Atatürk, o zamanlar henüz Gazi Mustafa Kemal Paşadır, bir gün Çankaya yakınlarında gezindiği sırada bir köy klübesi görür. Yaverine:
-Acaba içerde kimse var mıdır? Bir kahve içebilirmiyiz? der.
İhtiyar bir adamcağız kapıyı açar. Tanrı misafirlerine boş sediri gösterir. Biraz hoşbeşten sonra Atatürk:
- Ne yaparsın, ne ile geçinirsin? Kimin kimsen var mıdır? diye sorar.
-Bir iki tarlamız var. Bu bağ da bizim. Çoluk çocuk geçinip gidiyoruz. Allah başımızdan Gazi Paşayı eksik etmesinde...
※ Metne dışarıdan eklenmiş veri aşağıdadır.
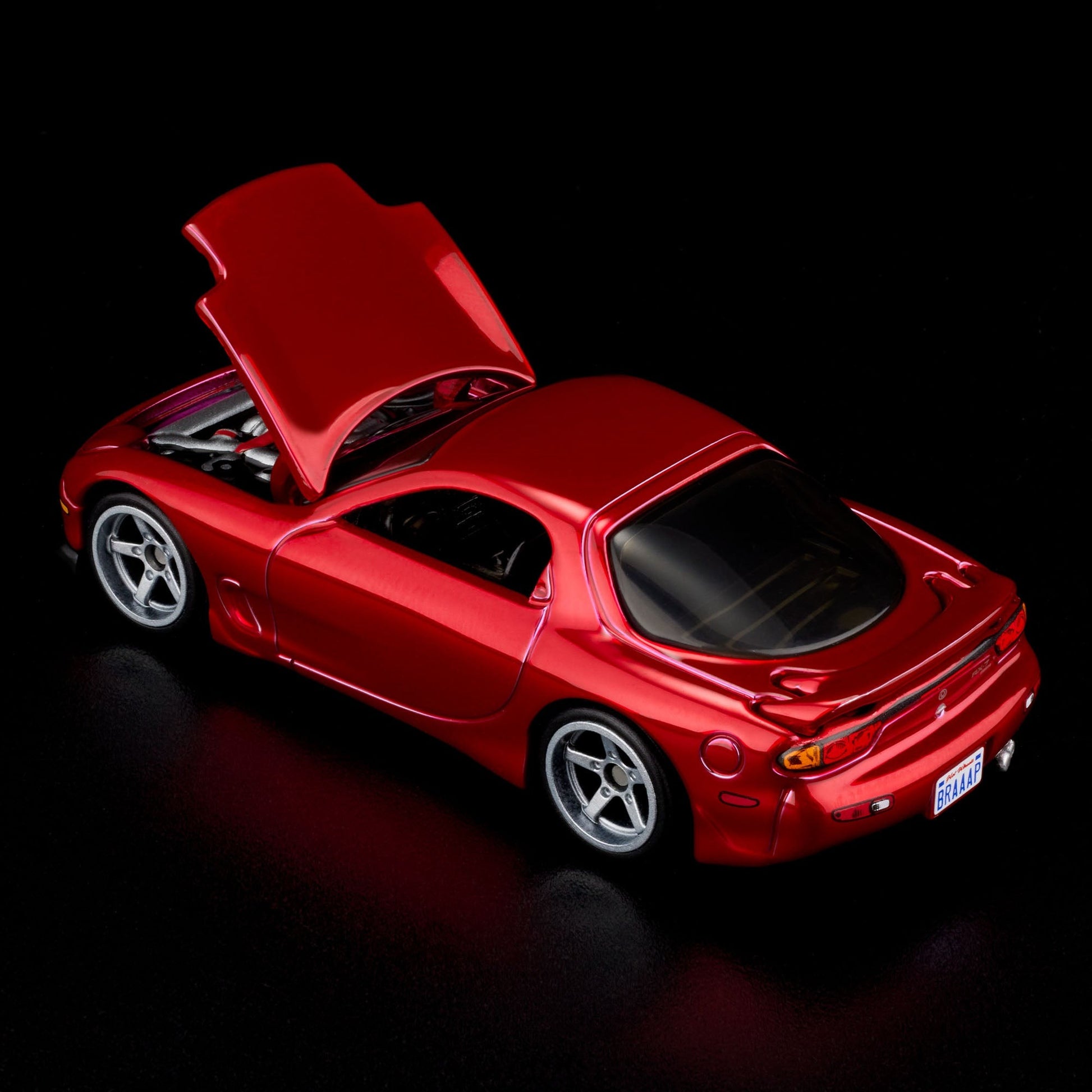 The 1993 Mazda RX-7 R1 delivered race-inspired performance to an audience hungry to feel the need for speed. Lightweight and powered with a two-chamber turbocharger which activated sequentially to reduce lag time, this fiery red roadster turned roads into racetracks for drivers fortunate enough to get behind its wheel. Our RLC exclusive version brings its own showstopping appeal with bright red Spectraflame paint over a silver chrome body, a black matte chassis, and Real Riders 5-spoke modern wheels.

-Gazi Paşayı tanır mısın sen?
-Nasıl tanımam? Pehlivan gibi boylu poslu (klübenin tavanını göstererek) maşallah hani buraya sığmaz... Sakalı da göğsüne kadar... kıvır kıvır yiğit bıyıklı...
Atatük yağverine eğilerek usulca "-sakın düzeltmeye kalkma... İhtiyarın hayalini bozmayalım" demiş. Köylüyü bir masal devini andıran kendi Gazisi ile bırakıp çıkmışlar.